Bir çok kişi gibi ben de geçen yıl kurulan dörtlü koalisyon hükümetinin, geçmiştekilerden farklı olacağını ve iç işlerimizi düzene sokacağını ümit etmiştim.
Fakat dörtlü koalisyonun; ilk iş olarak üst kademelere atama yaparak devlet makamlarını ödüllendirmede araç olarak kullanması, sendikalara şirin görünmeyi her şeyin üzerinde tutarak hareket etmesi, idari tasarruf ile fazla memur bulunan kuruluşlardan ihtiyaç duyulan kuruluşlara aktarma yapmaması, dere yatakları tahribatını durdurmaması, taş ocakları sorununu göz ardı etmesi, çevre kirliliğini önemsememesi, polisin devriye görevi yapmasını sağlamaması, Türkiye ile imzalanan su yönetimi protokolünü uygulamaması sonucu suyun denize akmasına seyirci kalması, tüm uygulamalarda yatıştırıcı, çekingen davranmayı tercih etmesi, Dome otel örneğinde olduğu gibi kayırmacılık yapması, araç ruhsatlarının banka yolu ile ödenmesini bile sağlamaması ve benzeri basit sorunları çözümlememesi, aksine geçmişteki hatalı yönetim anlayışını sürdürmesi nedeniyle hayal kırıklığına sebep olmuştur.
Üstüne üstlük bir de hükümetin kurulmasından sonra, ilk iş olarak önceki hükümet tarafından kuzeyli soydaşlarımıza verilen vatandaşlıkları iptal ederek, tek dayanağımız olan anavatan ile aramızda soğukluğa ve halkımızın zarar uğratılmasına sebep olmuştur.
Yeni yılda halkımızı sıkıntıya sokan sorunlar çözümsüzlüğe bağlanmamalı , bunlara çare üretilmeli.
Ayrıca koalisyon hükümetinin çözüm konusunda anlaşamaması ve müzakere masasında görev almaması isabetli olmamıştır.

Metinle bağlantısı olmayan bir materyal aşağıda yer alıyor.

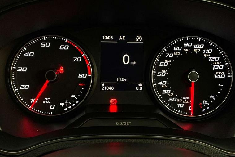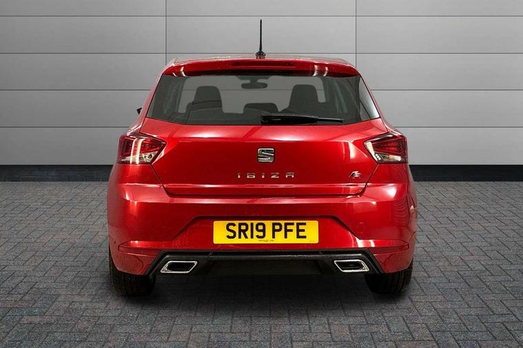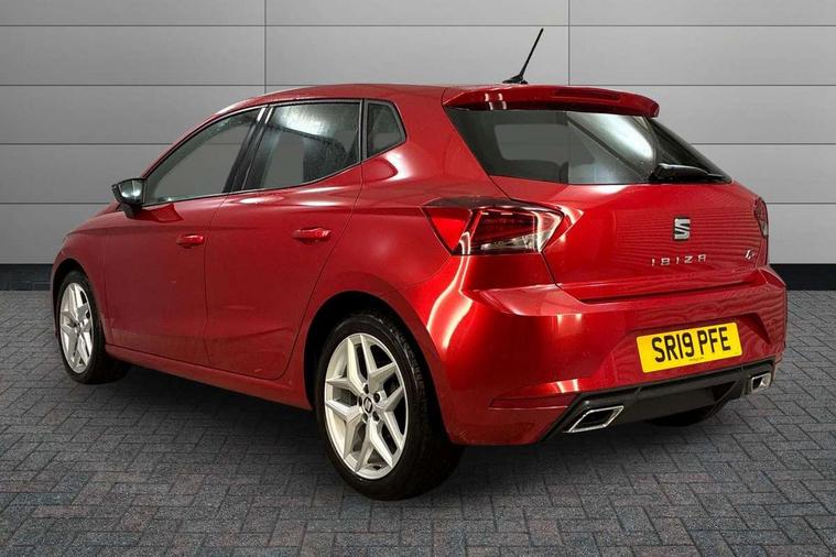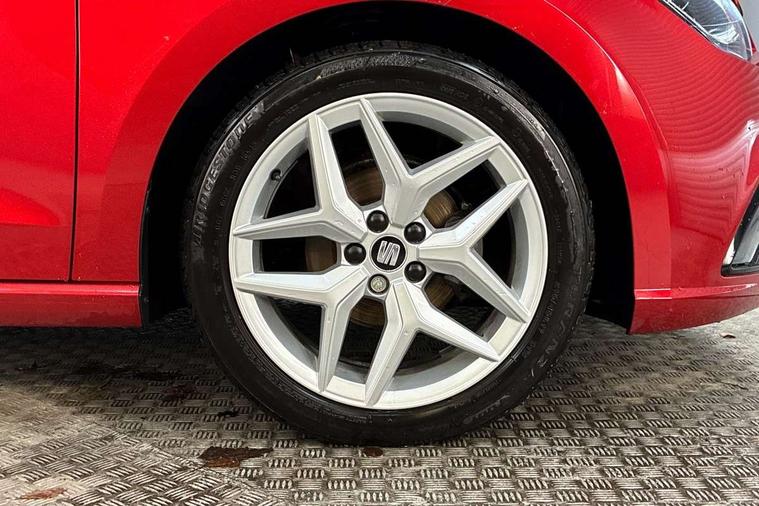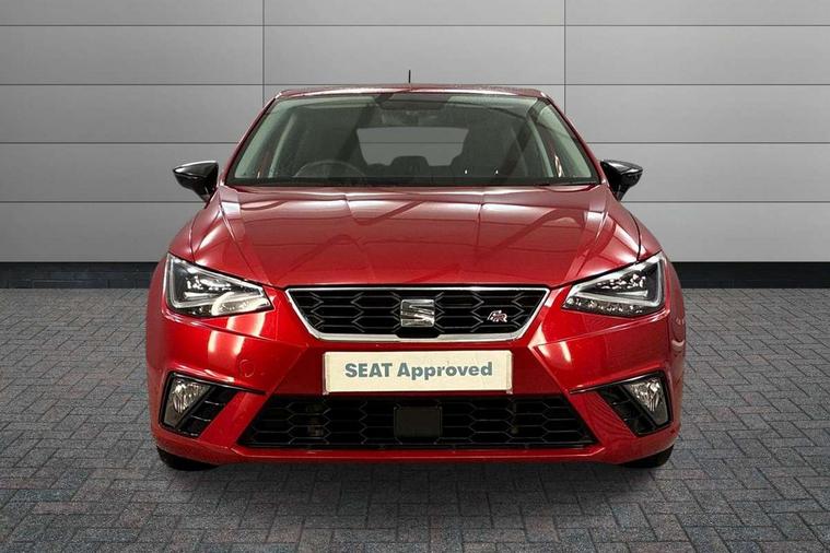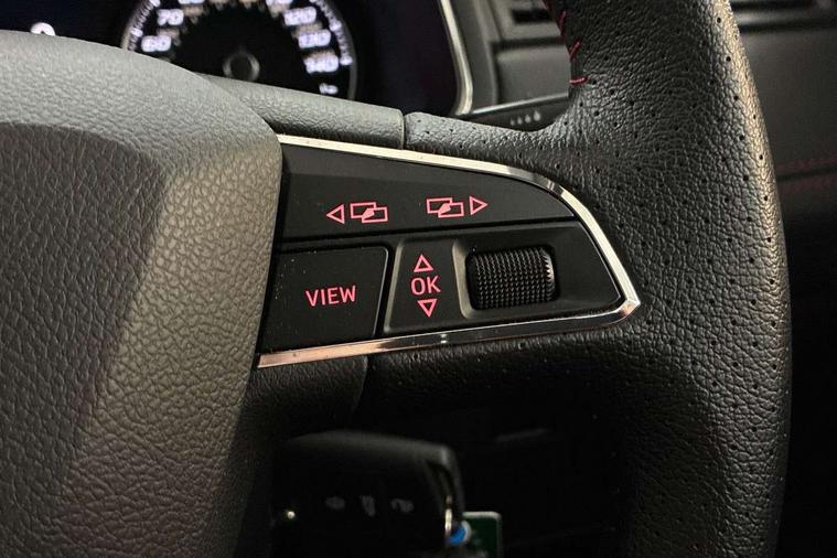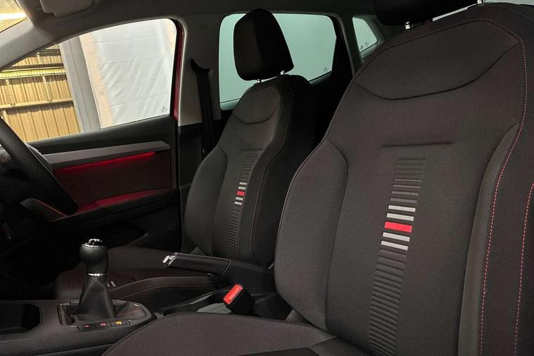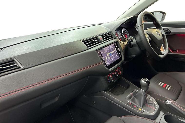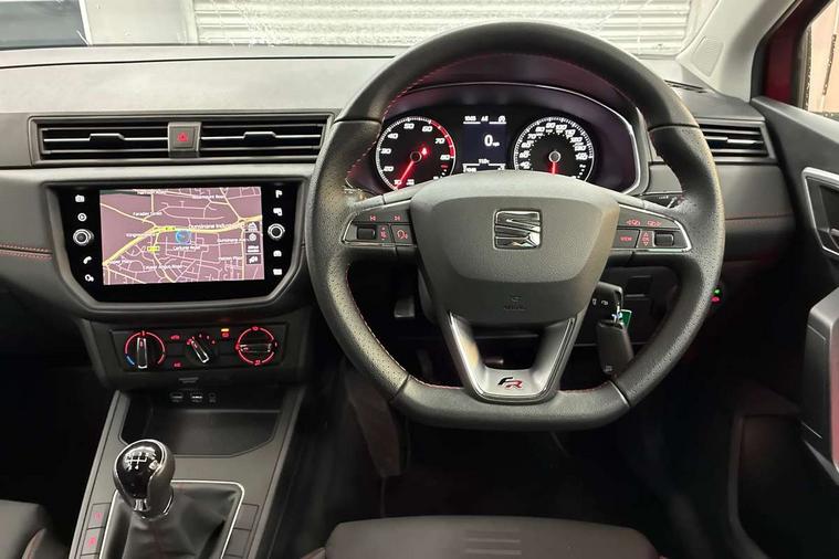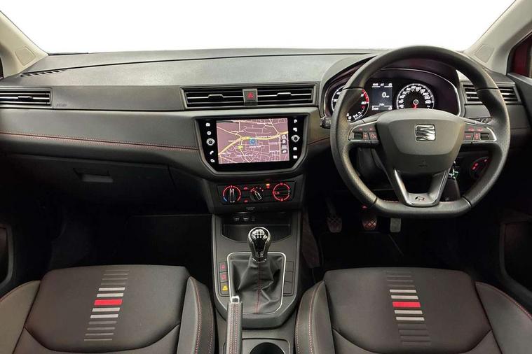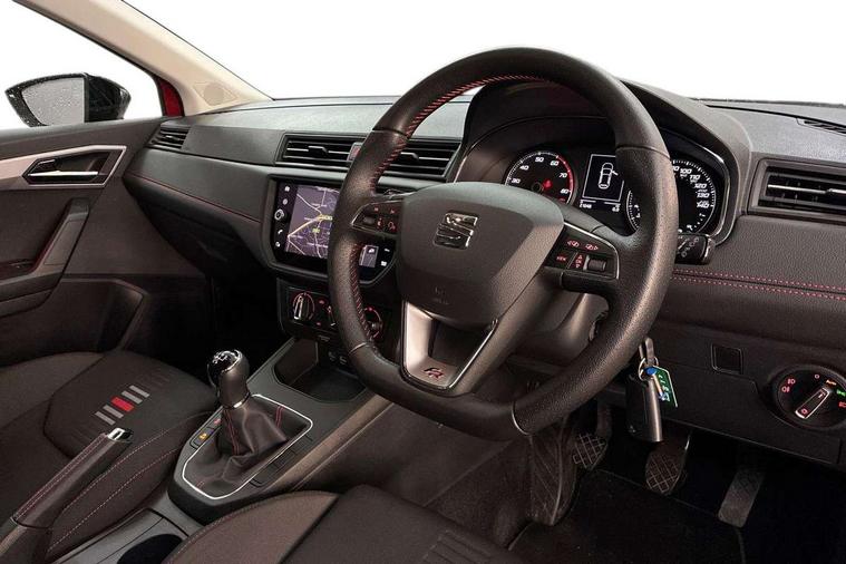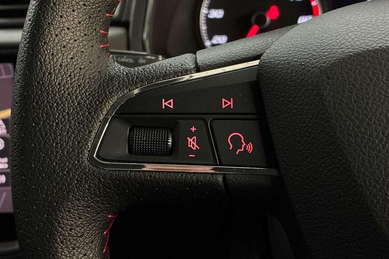 'Lights On' Reminder warning buzzer, Bluetooth Handsfree Phone Connection, Cruise control, Digital clock, Full Link Smartphone Integration with Mirror Link, Apple Car Play, Google Android Auto, Low fuel warning light, Outside temperature gauge, Satellite navigation system with 3D mapping, 8" touch screen, voice control and additional USB port, SEAT Drive profile, SEAT logo boot release, Speed sensitive power steering, Trip computer, Sports suspension, 6 speakers, Auxiliary input socket, CD player, Digital Audio Broadcast (DAB) Tuner, Radio/MP3 player, SD card slot, SEAT USB media cable, Steering wheel mounted controls, USB port, Anti theft roof antenna, Auto dimming rear view mirror, Automatic headlights, Automatic rain sensing wipers, Body colour bumpers, Body colour door handles, Brilliant black door mirrors, Chrome front grille frame, Chrome grille, Coming/leaving home lighting function, Cornering front fog lights, Dark tinted rear windows, Electric folding door mirrors, Electric front windows, Electric headlight adjustment, Electrically adjustable and heated door mirrors, Exclusive FR rear bumper, Full LED headlights, LED daytime running lights, LED tail lights, Rear fog lights, Twin exhaust pipes, 3 rear headrests, 60/40 split folding rear seat, Air conditioning, Door and steering wheel ice metal decorative inserts, Driver's sunvisor with ticket holder/vanity mirror, Dust/pollen filter, Flat bottomed perforated leather steering wheel with red stitching and FR logo, Front courtesy lights, Front cupholders x 2, Front reading lights, Gear shift indicator, Glovebox, Height adjustable driver's seat, Height adjustable front/rear head restraints, Height adjustable passenger seat, Height/reach adjust steering wheel, Illuminated boot, Instrument lighting with brightness control, Leather handbrake, Leather steering wheel and gear knob, Multi-colour ambient interior lighting, Nora cloth upholstery, Passenger sunvisor, Rear top tether child seat ISOFIX attachment, Sports seats, Full LED headlight pack - Ibiza, 3 point seatbelts on all 3 rear seats, ABS, Active front headrests, Child locks on rear doors, Curtain airbags, Driver/Front Passenger airbags, ESP+EBA, Front assist (AEB), Front passenger airbag deactivation, Front side airbags, Hill hold control, Multi-Collision braking, Seatbelt warning, Tiredness recognition system, Tyre pressure monitoring system, 2 folding remote keys with window open/close function, Electronic engine immobiliser, Locking wheel bolts, Remote central locking + deadlocks, Volumetric alarm with back up horn, Black dash trim, Leather dashboard, 17" Dynamic alloy wheels,

Çünkü müzakerelerdeki durum ve gelişmeler, geleceğinin nasıl şekilleneceği bakımından Kıbrıs Türk halkı için en önemli konudur.
Kuşkusuz ülkemizde müzakerelerin Cumhurbaşkanı tarafından yürütüldüğü biliniyor. Ancak siyasi iktidarın da, müzakerelerde katkı ve etkisi olmalıdır.
Yaklaşık yarım asırdan beri sürdürülen müzakerelerde, Rum –Yunan tarafının bizimle eşit ortaklığı aklının ucundan bile geçirmediği açık bir şekilde anlaşılmıştır. Bunun yanında sırf zamanla bizi çökertebileceği umudu ile, müzakereleri ucu açık olarak sürdürdüğünü de, beleklerdeki çocuklar bile biliyor.
Bilinen bu gerçekler nedeniyle yeni yılda, kesinlikle federasyon ve birleşme saplantısına takılıp kalınmamalı ve bundan sonra mutlaka yeni bir yol haritası belirlenmeli.
Rum tarafının ucu açık olmayan ve takvime bağlı sonuç alıcı müzakerelere yanaşmaması durumunda, masada boşuna zaman harcamayı kabul etmemeliyiz.
Rum komşularımıza ve dünyaya Kıbrıs sorununun çözümünde tek seçeneğin birleşmek olmadığını anlatarak ,iki devletli çözüm seçeneğini gündeme taşımalıyız.
Müzakere masasında, Rum tarafını birleşmeye razı etmek amacı ile tatmin etmeye çalışmak ve zamanla Rum çoğunluk içinde eriyip kaybolmamıza zemin hazırlayacak olan çözüm seçeneklerini kabul etmek yerine, haklarımıza sahip çıkmalıyız.
Ayrıca, KKTC’de kendine sol ve ilerici sıfatlarını yakıştıranlar ; Rum çoğunluk içinde yok olmamıza zemin hazırlayabilecek çözüm yollarını savunarak, Rumlar ile destekçilerinin hoşuna gidecek şekilde tutum sergileyerek, davamıza zarar vermekten kaçınmalıdır .Çünkü dünyanın hiçbir yerinde, kendi halkına özgürlüğü layık görmeyen solcu ve ilerici yoktur.
Kötü bir anlaşmadan hepimiz zarar göreceğimize göre, yeni yılda artık herkes gerçekleri görerek, sorumluluk duygusu içinde hareket etmeli.
Rumların federasyona ve birleşmeye yanaşmadığı anlaşıldığına göre, yeni yılda iki devletli çözüm seçeneğini gündeme getirmemiz ve iç işlerimizde de halkımızın refahını artıracak düzenlemeleri yapmamız kaçınılmazdır.